I still wonder if these distinctions are the responsibility of the
ArrowSchema to communicate (although perhaps links to the specific
discussions would help highlight use-cases that I am not envisioning).
I think these distinctions are definitely important in the contexts
you mentioned; however, I am not sure that the FFI layer is going to
be helpful.


> In the libcudf situation, it came up with what happens if you pass a 
> non-struct
> column to the from_arrow_device method which returns a cudf::table? Should
> it error, or should it create a table with a single column?

I suppose that I would have expected two functions (one to create a
table and one to create a column). As a consumer I can't envision a
situation where I would want to import an ArrowDeviceArray but where I
would want some piece of run-time information to decide what the
return type of the function would be? (With apologies if I am missing
a piece of the discussion).

> If A and B have different lengths, this is invalid

I believe several array implementations (e.g., numpy, R) are able to
broadcast/recycle a length-1 array. Run-end-encoding is also an option
that would make that broadcast explicit without expanding the scalar.

> Depending on the function in question, it could be valid to pass a struct 
> column vs a record batch with different results.

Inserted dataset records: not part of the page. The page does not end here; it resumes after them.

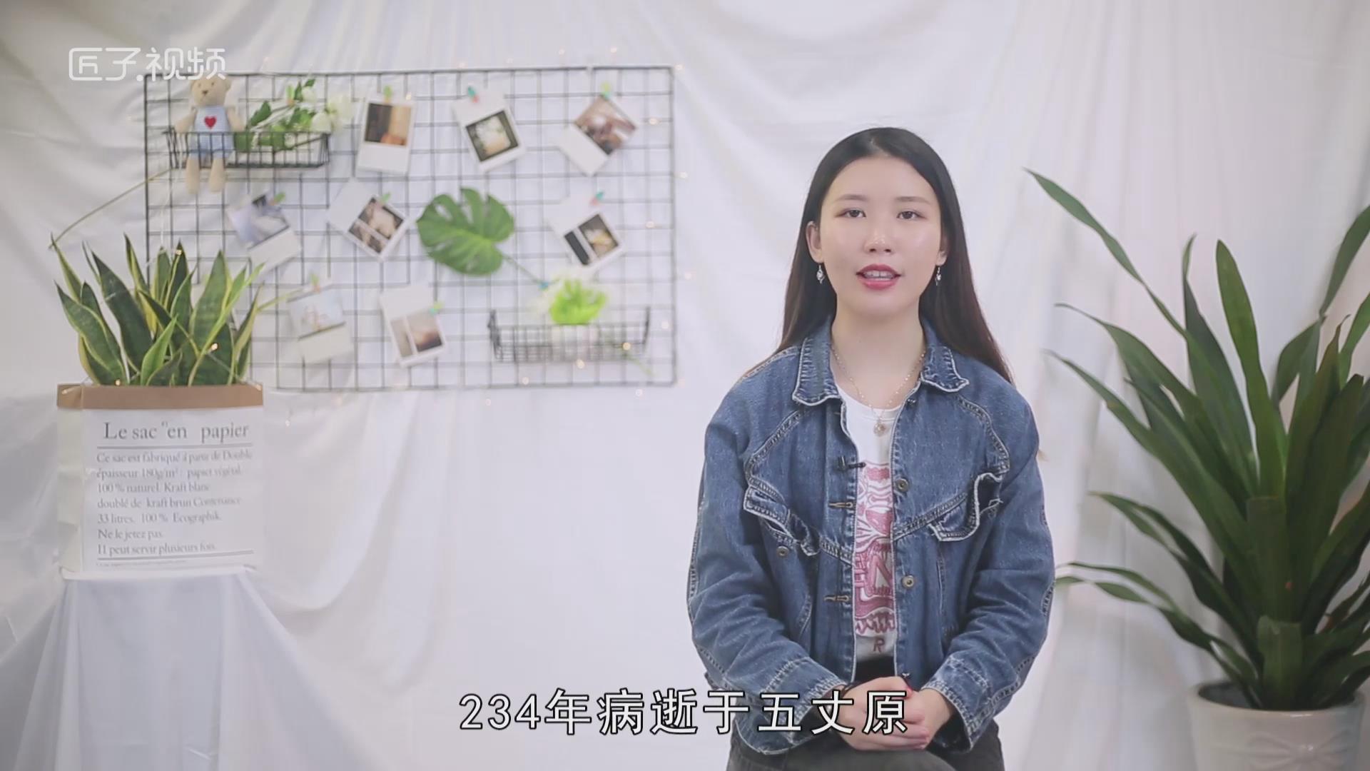 终因积劳成疾,234年病逝于五丈原,享年54岁。诸葛亮散文代表作有《出师表》《诫子书》等。曾发明木牛流马、孔明灯等,并改造连弩,叫做诸葛连弩。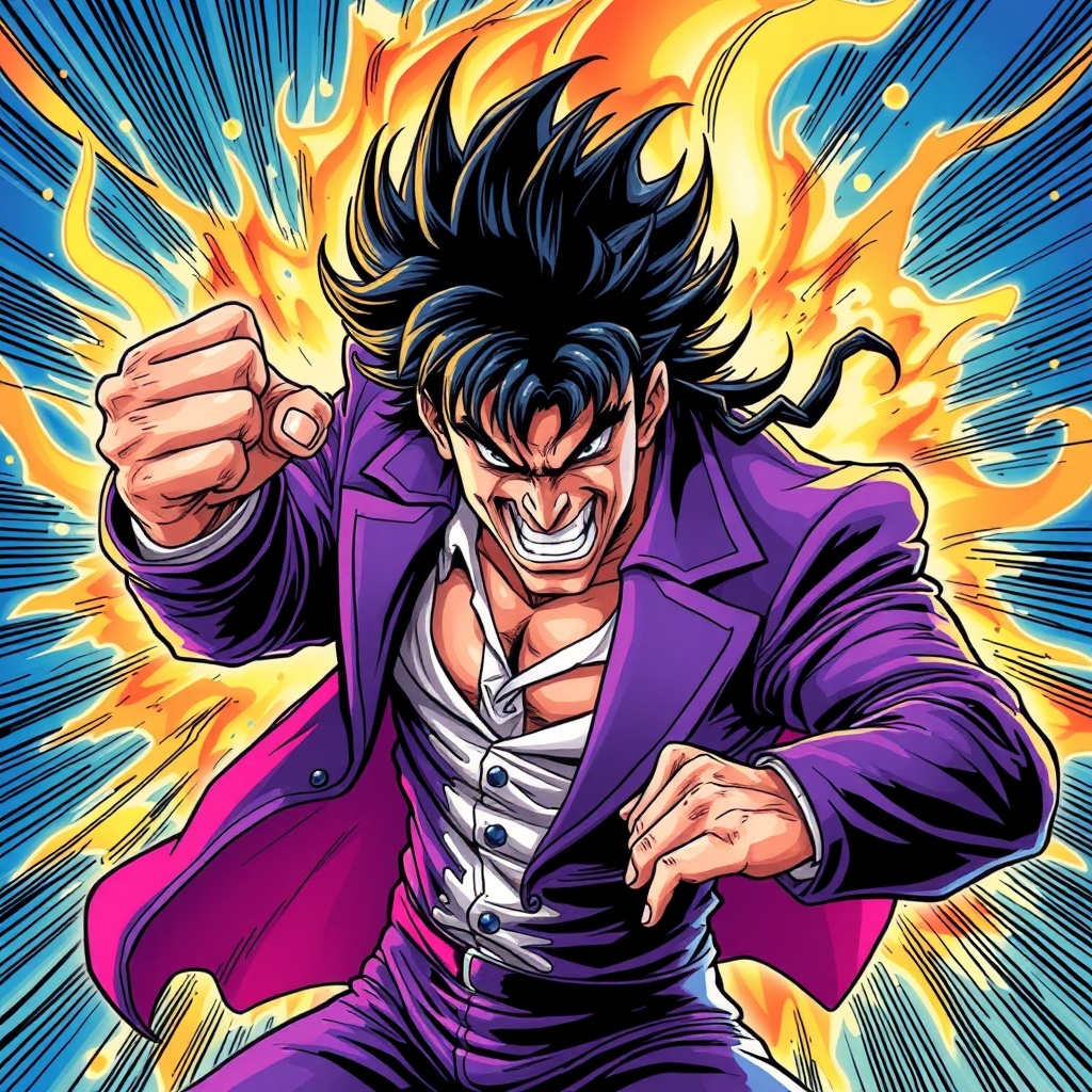 Jotaro Kujo from JoJo's Bizarre Adventure, striking a heroic pose, his face contorted in righteous fury, surrounded by a swirling, vibrant background that conveys intense energy and motion, embodying the distinctive artistic style of Hirohiko Araki. Art features dynamic lines and bold contrasts, capturing the essence of manga storytelling with a focus on dramatic tension and vivid detail. The composition is clear and sharp, showcasing Jotaro’s intense expression and iconic attire, while maintaining a heightened sense of drama and visual impact.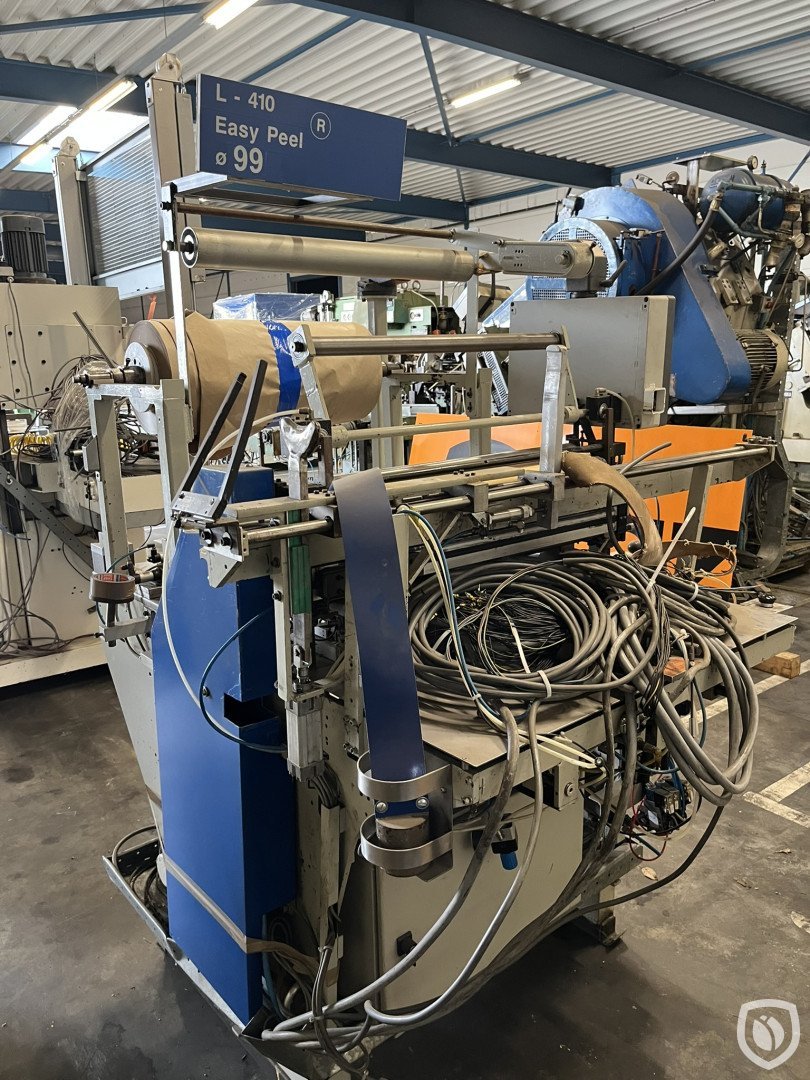 Pre-owned machine for automatically wrapping Ø 99 Easy Peel Ends in paper sleeves with roll-ends.

If this is an important distinction for an FFI signature of a UDF,
there would probably be a struct definition for the UDF where there
would be an opportunity to make this distinction (and perhaps others
that are relevant) without loading this concept onto the existing
structs.

> If no flags are set, then the behavior shouldn't change
> from what it is now. If the ARROW_FLAG_RECORD_BATCH flag is set, then it
> should error unless calling ImportRecordBatch.

I am not sure I would have expected that (since a struct array has an
unambiguous interpretation as a record batch and as a user I've very
explicitly decided that I want one, since I'm using that function).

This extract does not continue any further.